Easing way to let subsidized flats

Local | Stella Wong 22 May 2019

The Housing Society is considering allowing owners of subsidized flats with unpaid premiums to sub-let their entire home to households waiting for public housing, sources say.

This comes as the society admitted that the "Letting Scheme for Subsidized Sale Developments with Premium Unpaid" has yet to record even one successful deal eight months after the pilot program was launched last September.

Owners wishing to join the scheme must retain at least one bedroom for themselves.

The scheme aims to increase the supply of transitional housing by allowing flat owners to rent out spare bedrooms to families waiting for public housing for three or more years, or single applicants waiting for at least six years.

The owner must have owned the flat for at least 10 years, and they will set the rent together with the tenants.

A spokeswoman said the society has received 13 applications from owners, with 53 tenants seeking to rent so far.

Five owners have been approved to rent out their rooms and 22 tenants have been deemed qualified to rent them. However, there have been no successful matches thus far.

The society is now reviewing the scheme and holding discussions with the Transport and Housing Bureau to implement enhancement measures to attract more owners and tenants.

The measures are expected to be launched in the middle of this year, she said.

Sources said one measure is to allow owners to let the entire flat instead of individual bedrooms.

Another possible measure is to enable owners to let the flat to two or more tenants with the help of non-government organizations.

The Housing Authority is also considering joining the scheme.

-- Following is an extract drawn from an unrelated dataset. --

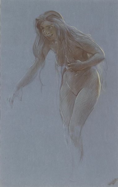 Editor: Here we have Pierre-Paul Prud'hon’s “Study of a Male Nude,” circa 1810, executed in pencil and pastel chalk. The muted palette creates an ethereal feeling. What strikes you about this work? Curator: I’m immediately drawn to the material process. Notice how the hatching marks don't just define form, but speak to the very act of repetitive mark-making. Consider the socio-economic conditions that enabled the mass production of pencils and chalk at this time. Who had access to these materials, and what did their availability mean for artistic training and production? Editor: So, you’re less interested in the idealized form itself, and more in the nuts and bolts? Curator: Precisely. The idealized nude is a product of academic tradition, yes, but it’s the democratization of the means of production, cheap drawing materials for the masses to practice, to attempt such classic ideals that makes it interesting. Are we even considering the type of paper here? What mill produced it and its social, geographical and economic origins? These processes allow for that traditional form to even be conceptualized. Editor: I hadn’t thought about it that way. How does the “academic” style relate to this? Curator: The Neoclassical style often emphasizes order and reason, drawing inspiration from classical antiquity. I would ask instead, "what allowed this reference to antiquity to be revitalized during the specific time? Who supplied what, when and why in the timeline of materials used, and socio economic setting that Prud'hon stood?" Editor: I’m beginning to understand how looking at the material conditions of its creation can change our entire understanding. Thanks! Curator: My pleasure! Examining the raw materials reshapes art-historical narrative!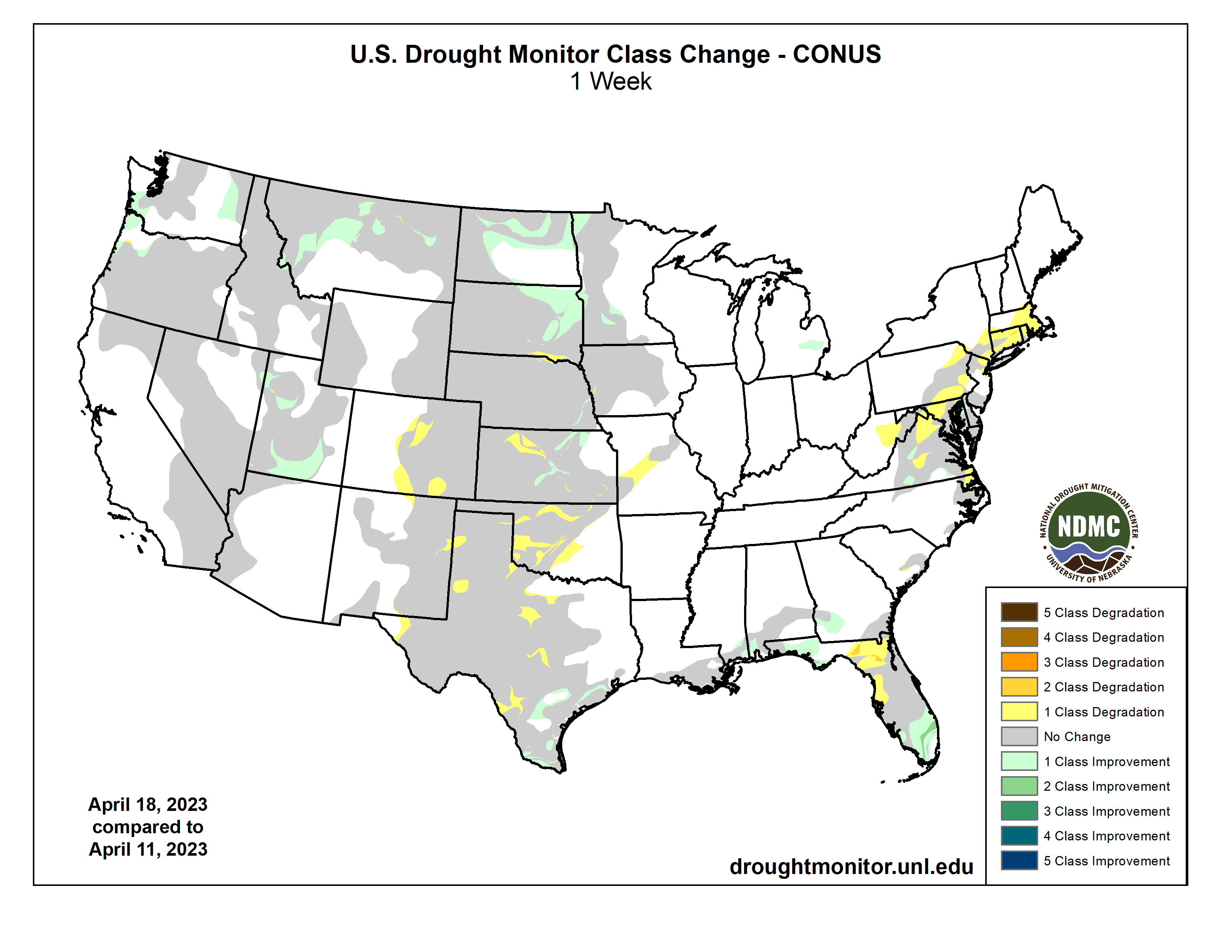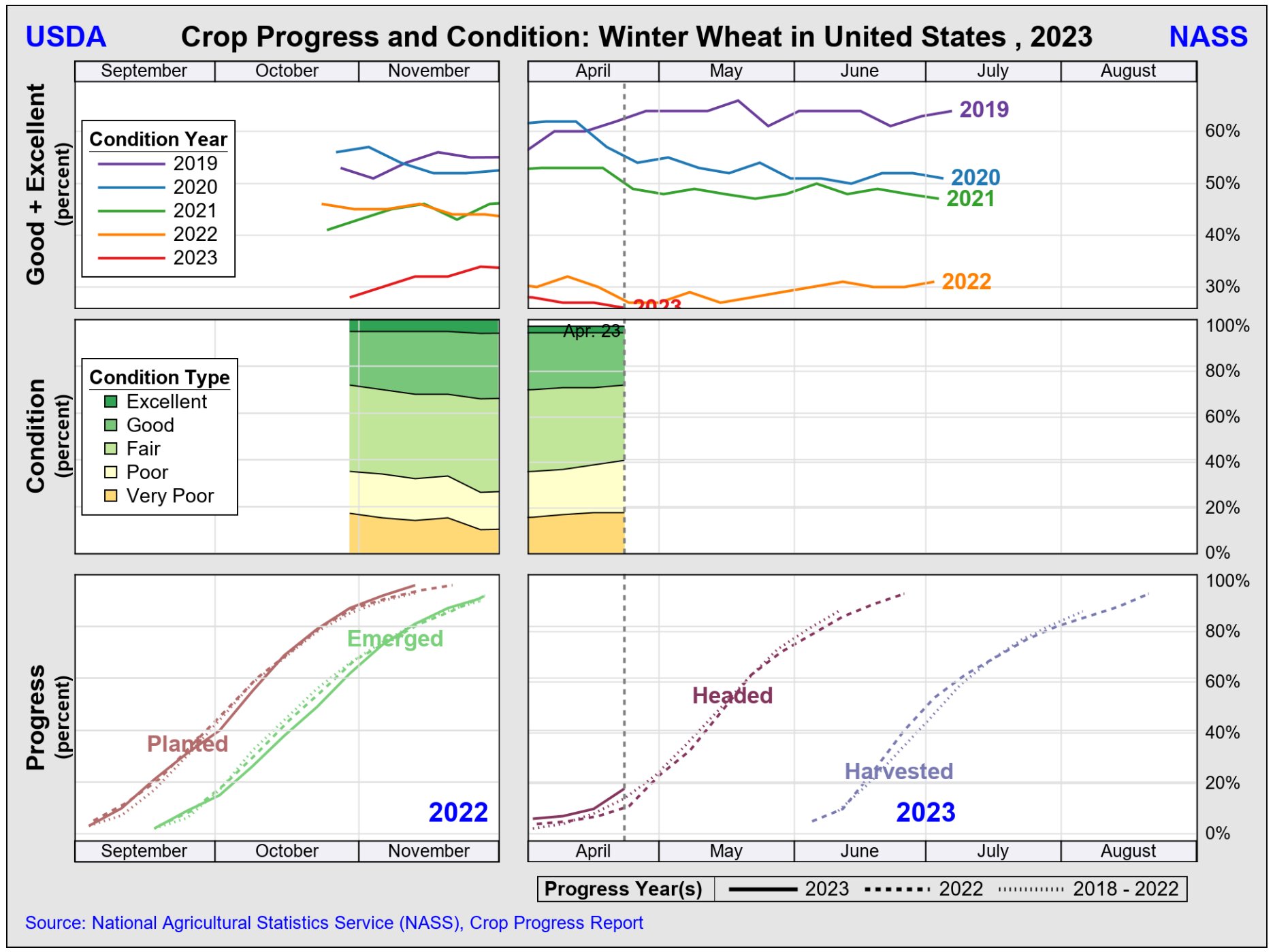 The percent of winter wheat in poor to very poor conditions is highest in the Central and South Plains and increased by 2 to 10 percentage points in those states — @DroughtDenise

It will examine the details and announce the arrangements at the end of next month at the earliest.

The two bodies will have a total of 410,000 flats that meet the scheme's criteria.

Democratic Party lawmaker Andrew Wan Siu-kin, who is a Housing Authority member and deputy chairman of the Legislative Council's panel on housing, supported the enhancement measures.

He believes allowing owners to rent the entire flat can attract more applicants, as it is not common to have owners and tenants living together.

But he urged the government to relax the criteria for single applicants, who have to wait for public housing for at least six years.

"They have the most urgent need for transitional housing as they cannot afford private property and need to queue for public housing for a longer time under the points system," he said.

He also feels the transitional policy should be more flexible to satisfy the short-term need of citizens.

Some are worried that the measures will create a flood of subdivided units among subsidized flats, but Wan said this is unlikely.

"Subdivided flats mostly refer to those with unauthorized building work, but the scheme is just allowing more than one household to share the same flat," he said.

The society will check to ensure there are no unauthorized building works before renting out a flat.

Wan also called on the government to drastically increase the supply of public housing estates to solve the shortage problem.